##### Exercise data
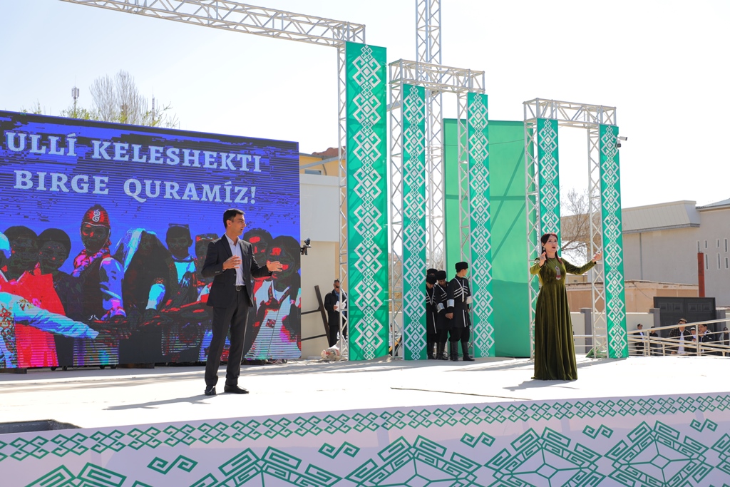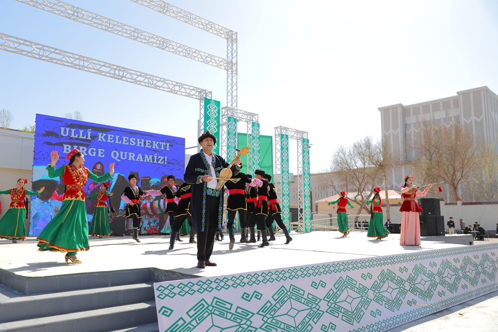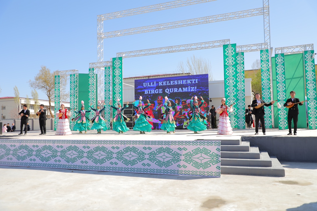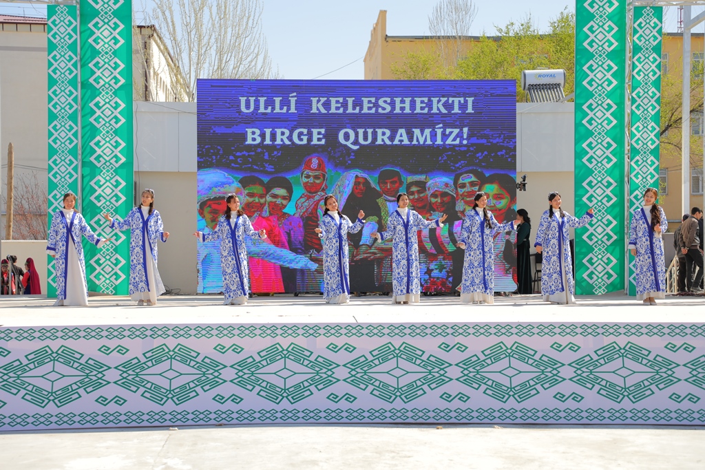 Bayram ilajında Ájiniyaz atındaǵı Nókis mámleketlik pedagogikalıq institutınıń qábiletli student-jasları atqarıwındaǵı koncert baǵdarlaması xalqımızǵa bayram keypiyatın inám etti.
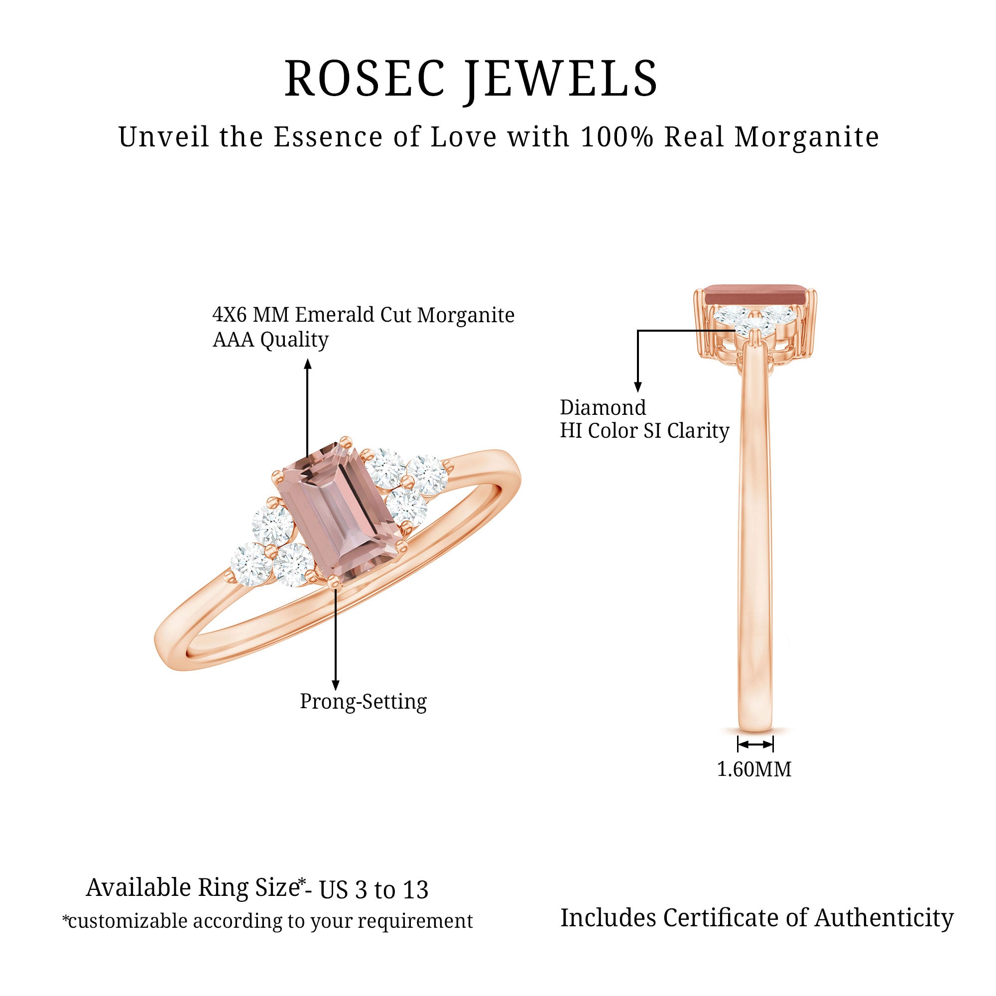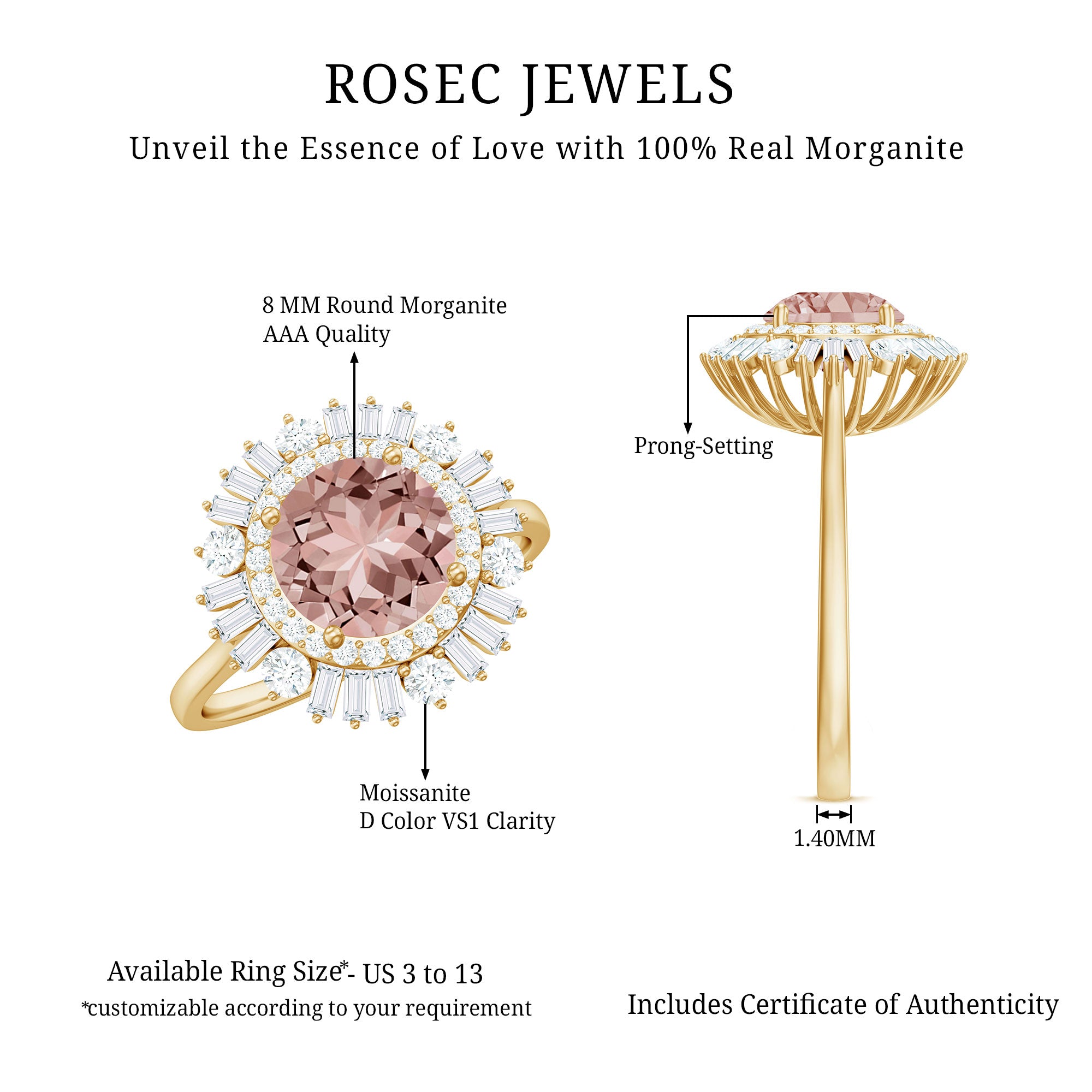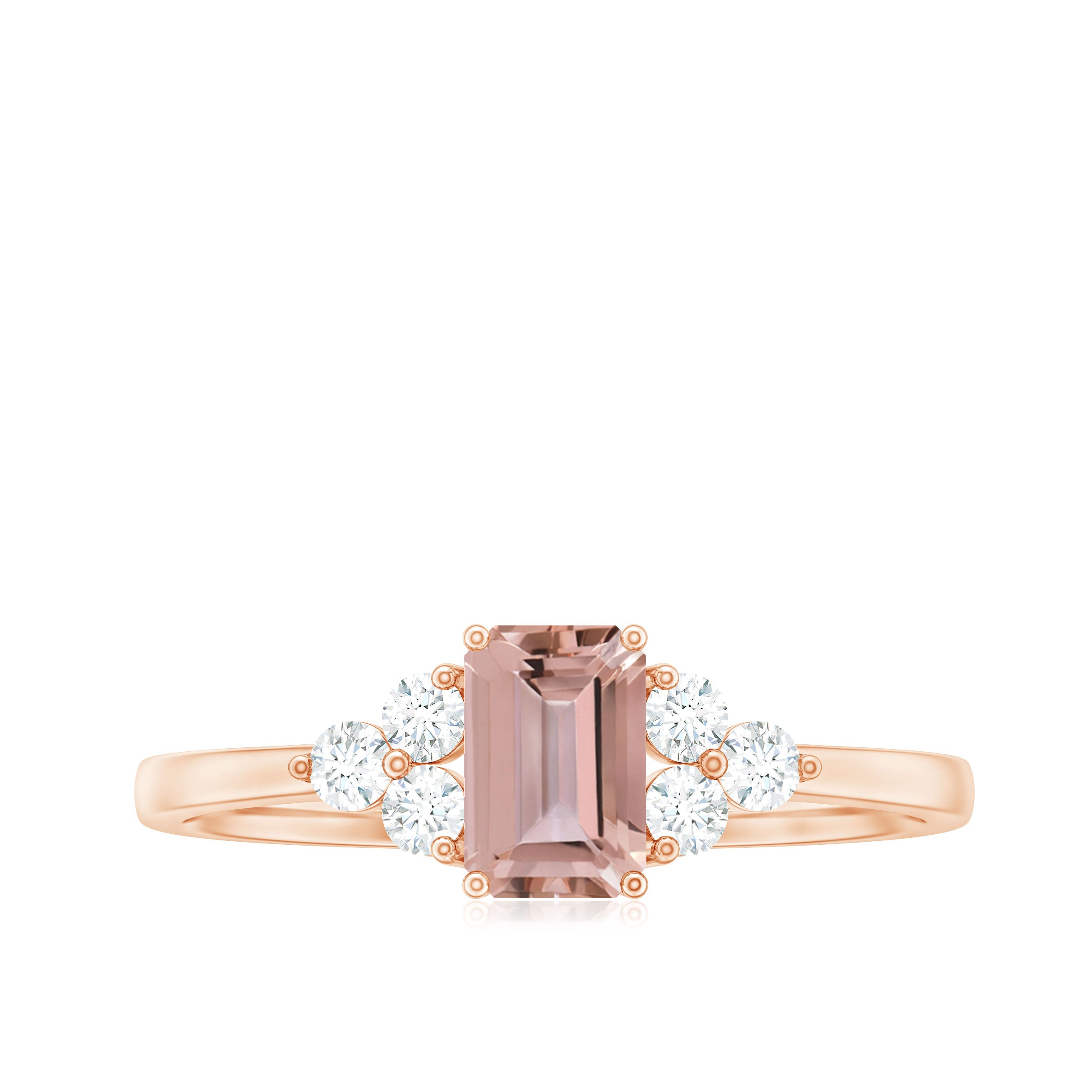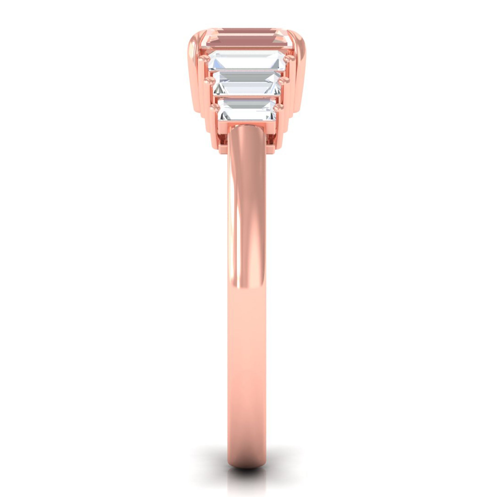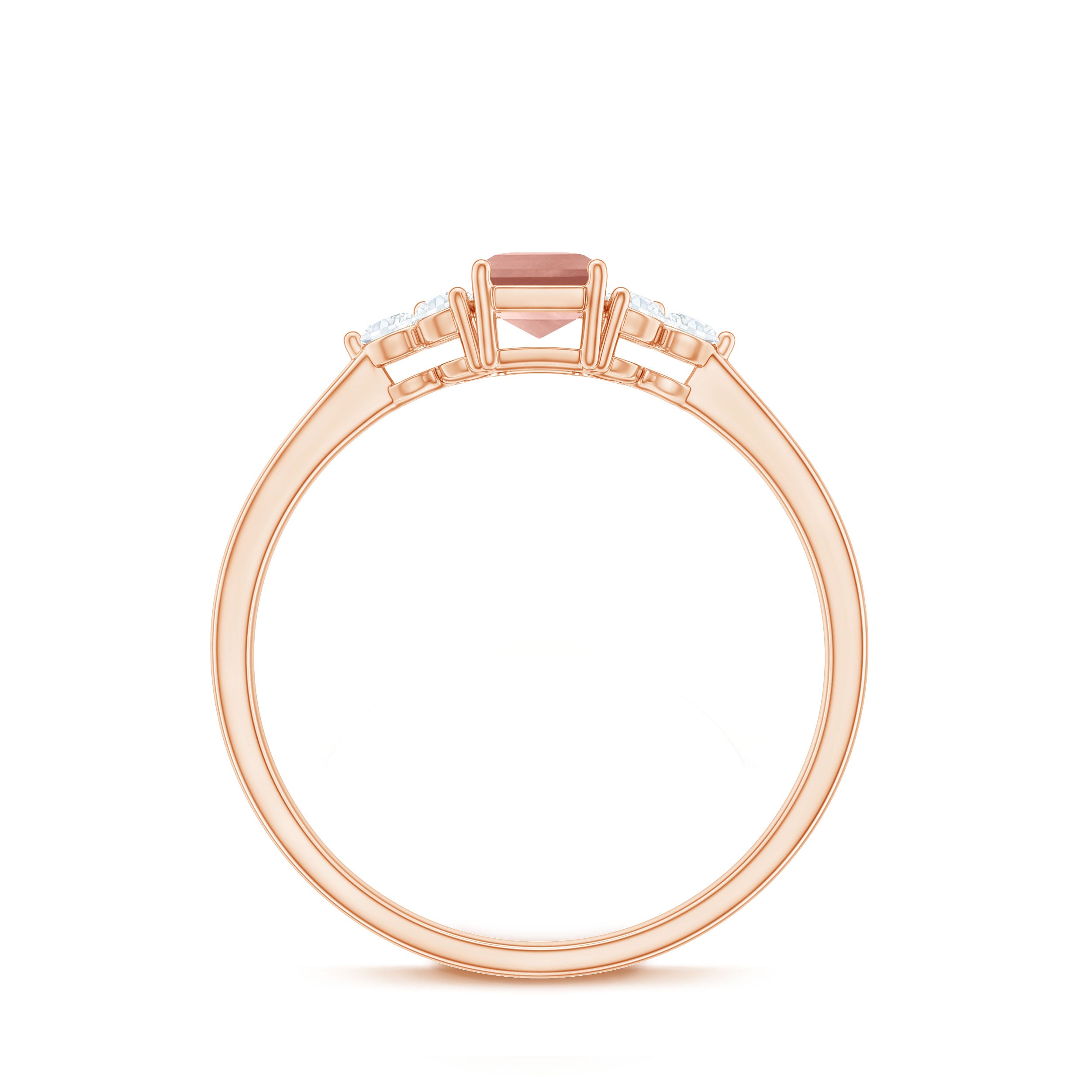 Morganite rose gold rings feature blush pink hues. Rose gold is a durable metal choice that’s suitable for daily wear. Known for its soft tones, rose gold complements beautifully with the blush tones of morganite. The feminine look of this gem, makes rose gold morganite rings a perfect choice for engagement or wedding rings.
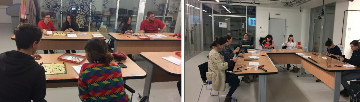 Fotografie z tohtoročných workshopov „DIY: Urob si vlastnú hru“ a „DIY: Drôtený stojan na šperky“.
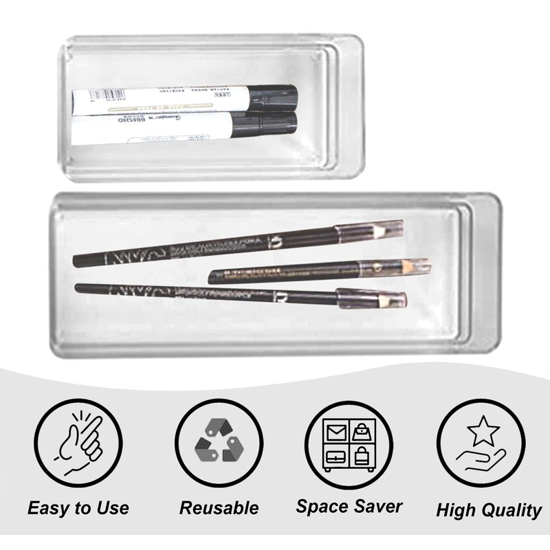 Get to organize your space with our Vanity and desk drawer organizer. Instead of having to go through a pile searching for an item, our clear acrylic organizer helps you neatly arrange and easily retrieve your items. Make your space look neat and inviting by incorporating our acrylic organizer. With each purchase you make you get 2 pieces, 1 piece in medium, and 1 piece in large. The pieces can easily fit in any drawer; you can also place them on tabletops based on your design preferences. Our organizers will blend well with any interior design style, without drawing too much attention.
##########
◆ To do
Restate the data word for word while omitting each picture.

◆ Finished exercise
 Bayram ilajında Ájiniyaz atındaǵı Nókis mámleketlik pedagogikalıq institutınıń qábiletli student-jasları atqarıwındaǵı koncert baǵdarlaması xalqımızǵa bayram keypiyatın inám etti.
 Morganite rose gold rings feature blush pink hues. Rose gold is a durable metal choice that’s suitable for daily wear. Known for its soft tones, rose gold complements beautifully with the blush tones of morganite. The feminine look of this gem, makes rose gold morganite rings a perfect choice for engagement or wedding rings.
 Fotografie z tohtoročných workshopov „DIY: Urob si vlastnú hru“ a „DIY: Drôtený stojan na šperky“.
 Get to organize your space with our Vanity and desk drawer organizer. Instead of having to go through a pile searching for an item, our clear acrylic organizer helps you neatly arrange and easily retrieve your items. Make your space look neat and inviting by incorporating our acrylic organizer. With each purchase you make you get 2 pieces, 1 piece in medium, and 1 piece in large. The pieces can easily fit in any drawer; you can also place them on tabletops based on your design preferences. Our organizers will blend well with any interior design style, without drawing too much attention.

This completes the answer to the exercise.